*Material for the task:*
_ _ _ _
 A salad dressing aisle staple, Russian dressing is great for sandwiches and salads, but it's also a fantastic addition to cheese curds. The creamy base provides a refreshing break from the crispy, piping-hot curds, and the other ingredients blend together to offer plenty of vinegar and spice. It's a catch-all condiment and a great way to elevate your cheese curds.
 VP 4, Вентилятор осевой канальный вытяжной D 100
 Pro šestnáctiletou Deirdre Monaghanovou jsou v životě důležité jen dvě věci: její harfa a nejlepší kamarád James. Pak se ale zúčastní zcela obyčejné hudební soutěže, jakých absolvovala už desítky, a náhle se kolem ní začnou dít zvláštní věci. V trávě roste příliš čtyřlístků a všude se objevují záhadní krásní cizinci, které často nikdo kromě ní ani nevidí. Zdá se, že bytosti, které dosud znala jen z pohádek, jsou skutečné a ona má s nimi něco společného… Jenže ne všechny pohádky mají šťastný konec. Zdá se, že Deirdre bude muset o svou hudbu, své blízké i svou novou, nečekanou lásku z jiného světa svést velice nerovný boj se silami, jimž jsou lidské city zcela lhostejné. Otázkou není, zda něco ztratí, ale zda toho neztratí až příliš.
_ _ _ _
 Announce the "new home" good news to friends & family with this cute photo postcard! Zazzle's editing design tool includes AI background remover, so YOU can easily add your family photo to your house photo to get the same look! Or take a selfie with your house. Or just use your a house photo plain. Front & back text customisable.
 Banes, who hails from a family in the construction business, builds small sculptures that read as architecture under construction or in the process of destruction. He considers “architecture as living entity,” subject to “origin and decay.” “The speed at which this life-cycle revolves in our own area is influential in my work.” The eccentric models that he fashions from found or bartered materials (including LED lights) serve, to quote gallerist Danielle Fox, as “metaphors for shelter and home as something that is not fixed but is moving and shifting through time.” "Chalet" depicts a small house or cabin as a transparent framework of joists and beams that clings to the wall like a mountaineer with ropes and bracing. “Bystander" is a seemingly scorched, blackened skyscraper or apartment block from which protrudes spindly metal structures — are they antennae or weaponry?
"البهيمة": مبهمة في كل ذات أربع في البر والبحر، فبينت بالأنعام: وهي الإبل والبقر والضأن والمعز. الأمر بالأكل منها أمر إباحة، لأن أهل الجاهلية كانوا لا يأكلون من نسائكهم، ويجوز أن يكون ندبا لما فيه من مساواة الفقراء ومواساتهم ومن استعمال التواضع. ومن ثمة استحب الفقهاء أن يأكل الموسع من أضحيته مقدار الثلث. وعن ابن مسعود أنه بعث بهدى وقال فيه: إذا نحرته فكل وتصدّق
_ _ _ _
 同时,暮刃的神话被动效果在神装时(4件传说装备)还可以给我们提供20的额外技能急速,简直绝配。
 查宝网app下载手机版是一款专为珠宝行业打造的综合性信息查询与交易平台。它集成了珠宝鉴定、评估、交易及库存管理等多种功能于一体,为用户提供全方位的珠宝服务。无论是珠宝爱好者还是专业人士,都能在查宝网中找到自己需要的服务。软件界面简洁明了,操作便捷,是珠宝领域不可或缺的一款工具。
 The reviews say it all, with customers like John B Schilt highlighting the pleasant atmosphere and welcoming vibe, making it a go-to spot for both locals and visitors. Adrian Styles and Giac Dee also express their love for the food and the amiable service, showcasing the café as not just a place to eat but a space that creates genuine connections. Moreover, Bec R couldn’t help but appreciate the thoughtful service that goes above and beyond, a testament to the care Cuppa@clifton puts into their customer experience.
_ _ _ _
*To do:* There is a line with "VP 4, Вентилятор" and a line with "Pro šestnáctiletou Deirdre" above. Copy exactly those two lines and all lines between them, with nothing else.

*Result of this task:*
 VP 4, Вентилятор осевой канальный вытяжной D 100
 Pro šestnáctiletou Deirdre Monaghanovou jsou v životě důležité jen dvě věci: její harfa a nejlepší kamarád James. Pak se ale zúčastní zcela obyčejné hudební soutěže, jakých absolvovala už desítky, a náhle se kolem ní začnou dít zvláštní věci. V trávě roste příliš čtyřlístků a všude se objevují záhadní krásní cizinci, které často nikdo kromě ní ani nevidí. Zdá se, že bytosti, které dosud znala jen z pohádek, jsou skutečné a ona má s nimi něco společného… Jenže ne všechny pohádky mají šťastný konec. Zdá se, že Deirdre bude muset o svou hudbu, své blízké i svou novou, nečekanou lásku z jiného světa svést velice nerovný boj se silami, jimž jsou lidské city zcela lhostejné. Otázkou není, zda něco ztratí, ale zda toho neztratí až příliš.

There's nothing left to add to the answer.